After spending a long time trying to figure out why my distributions were suddenly too large to be uploaded to PyPi, I tracked it down to my recent inclusion of setuptools_scm. Many people may want to use setuptools_scm to automatically set the package version but may not want to override the default logic of which files are included in an sdist. Rather than requiring users to manually exclude all unwanted files in MANIFEST.in it would be nice to have a way of switching off this feature.
Indeed, this is hideous. Using MANIFEST.in instead of setuptools discovery and exclusion mechanisms is not only tedious, but quite unexpected. In that sense related: https://github.com/pypa/setuptools/issues/3260
@bertsky MANIFEST.in is the setuptools' exclusion mechanism. It controls what's included in sdists, which arguably should be everything because it should be possible to build in installables out of an sdist.
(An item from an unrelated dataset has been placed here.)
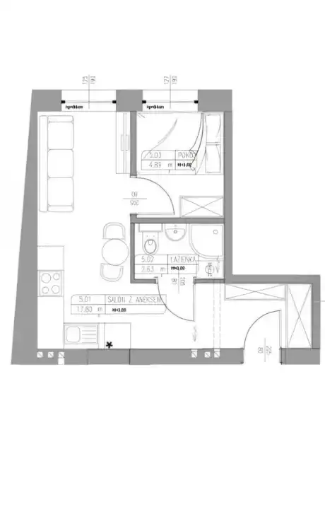 - oddzielnej sypialni o pow. 4,89m2

The declarative config you're implicitly referring to through the linked issue is for controlling what's included in wheels — the files that end up in site-packages/.
@webknjaz that is surprising (to say the least), and IMO directly contradicts the statements made in setuptools documentation:
Automatically include all relevant files in your source distributions, without needing to create a MANIFEST.in file, and without having to force regeneration of the MANIFEST file when your source tree changes [1].
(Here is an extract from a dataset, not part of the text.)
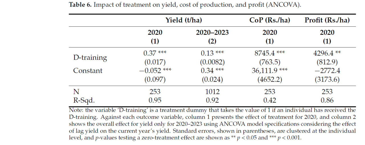 ANCOVA использовалась для проверки устойчивости и анализа чувствительности путем взятия лага зависимых переменных, таких как лаг урожайности, в качестве добавленной ковариаты в дополнение к переменной мероприятия (Таблицы 5 и 6). Например, урожайность предыдущего года имеет наибольшую корреляцию с переменной результата (урожайность следующего года). Коэффициенты сертифицированных семян, удобрений, пестицидов/гербицидов и урожайности в ANCOVA аналогичны моделям FE-DID, показывая устойчивый результат мероприятия. Влияние D-обучения ослабло в последующие годы, но константа показала улучшенный коэффициент, как показано в столбце 2 Таблицы 5. Коэффициенты и поведение финансовых коэффициентов также оказались схожими с нашими основными результатами для непосредственного пост-мероприятийного года. Однако для долгосрочного воздействия литература не рекомендует использовать ANCOVA для панельных или последующих данных [58,59]. Большинством исследователей рекомендовалась модель фиксированных эффектов для панельных данных [55,60,61]. Поэтому мы сообщаем только результаты за первый пост-мероприятийный год с использованием ANCOVA для стоимости производства и прибыли, которые аналогичны нашим основным результатам, как показано в Таблице 6. Отрицательные точки пересечения в Таблице 6 показывают силу мероприятия, так как в его отсутствие была бы меньшая урожайность и денежные потери на основе урожайности предыдущего года.

The setuptools User Guide does not state anywhere that the package discovery and data file inclusion configs are only relevant for wheels. Furthermore, AFAICS this is also not what is implemented: If I python -m build ., then my source tarballs behave pretty much the same as my wheels regarding inclusion or exclusion of files.
@bertsky AFAIK only some recent setuptools versions started discovering some sunsets of files to include. I think that's only enabled with the PEP 621 metadata declaration method, plus perhaps have an src-layout. I don't think that's universal. Plus, lists of files to include in sdists and wheel should be different. Wheels contain everything that ends up in site-packages, that's what installers use. Sdists should contain at least everything needed to build wheels, they are never used for installation directly. But sdists are also used in other contexts — downstream redistributors use them as the source of truth, building RPMs out of them (through wheel) but also building the docs and running the tests. These things should not be included in wheels (because they shouldn't end up on the top level of site-packages/) but are very useful in sdists.
A lot of people expect sdists to be equivalent of Git checkout. For me, it's because I want my sdists to be downstream-friendly. So I even test them like that in CI, avoiding building wheels from Git in most cases. So putting everything Git-tracked into sdists makes sense to me, if there's some gigantic files that are not necessary for building wheels or downstream testing/docs, those could be excluded via the manifest as an exception, but in general I don't bother — the majority of people will only hit wheels and won't have to build from sdists.
FWIW I think in many cases it'd look like setuptools' autodiscovery behaves the same. This might be because of how building/installing from sdist works.
If you pip install some.tar.gz, it'll first build a wheel, cache it and unzip the wheel into site-packages.
Running python -m build emulates this in that it first builds an sdist from a source checkout (Git usually), and then it'll untar that into a temporary/disconnected location on disk, and build the wheel out of it.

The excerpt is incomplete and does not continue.